Direktur Pelaksana II LPEI, Maqin U. Norhadi menyampaikan, LPEI sebagai Special Mission Vehicle (SMV) Kementerian Keuangan RI sangat mendukung program Pemerintah dalam memajukan sektor pariwisata dan ekonomi kreatif di tengah pandemi. Salah satunya kawasan agrowisata Ijen.

"Sebagai upaya meningkatkan kapasitas pelaku usaha dan menciptakan daya saing berkualitas ekspor, LPEI membangun sinergi dan kolaborasi dengan Pemerintah Kabupaten (Pemkab) Banyuwangi di Kawasan Agrowisata Ijen Banyuwangi antara lain program pelatihan sertifikasi organik bagi para petani beras dan kopi," terangnya, Rabu (26/5).

Dia mengungkapkan, Banyuwangi merupakan kabupaten yang berada di perbatasan Provinsi Jawa Timur dan Bali, sehingga menjadikannya daerah perbatasan yang strategis. Kemudian, Taman Nasional Agrowisata Kawasan Ijen juga sudah terkenal dengan keindahan alamnya hingga menjadi tujuan wisata lokal maupun mancanegara.

Komoditas Pangan

Kawah Ijen menjadi perhatian utama Banyuwangi karena merupakan magnet wisata Banyuwangi.
Kawah Ijen menjadi perhatian utama Banyuwangi karena merupakan magnet wisata Banyuwangi.

Selain obyek pariwisata, kawasan ini pun memiliki produk beras dan kopi yang telah lama dibudidayakan oleh sebagian besar masyarakat, khususnya di lereng pegunungan Ijen Banyuwangi, wilayah Glagah (untuk komoditi padi) dan Kalipuro (untuk komoditi kopi).

Keunggulan lainnya adalah kedua komoditi ini telah dikelola dengan baik.
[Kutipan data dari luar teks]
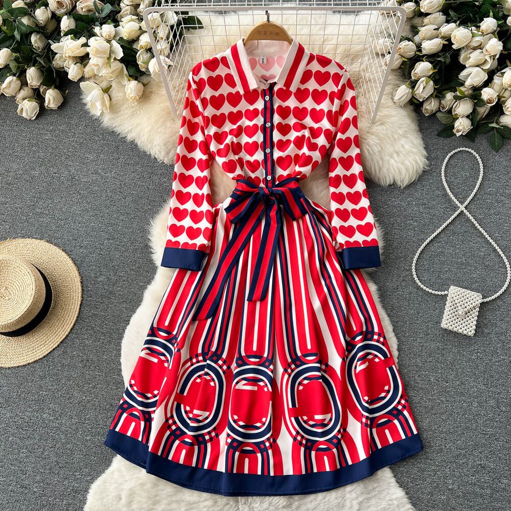 ヨーロッパとアメリカのインスタイルの春と秋のファッションオールマッチスリムウエストプリントドレスレディースラペルロングスリーブAラインスカートタイド スプリング 春物 オータム 秋物 ヨーロピアン lyxaj5184254604

Dengan begitu, melalui sinergi tersebut diyakini akan meningkatkan nilai dan daya saing produk lokal Banyuwangi.

"Program Jasa Konsultasi LPEI melalui berbagai program pelatihan dan pendampingan ini akan melibatkan Pemerintah Kabupaten Banyuwangi dan berbagai pihak lainnya sebagai narasumber yang ahli dibidangnya dengan durasi selama tujuh bulan. Dan diharapkan di akhir tahun 2021 ini, KKBI sudah dapat melakukan ekspor perdana bagi komoditi beras dan kopi," imbuh Maqin.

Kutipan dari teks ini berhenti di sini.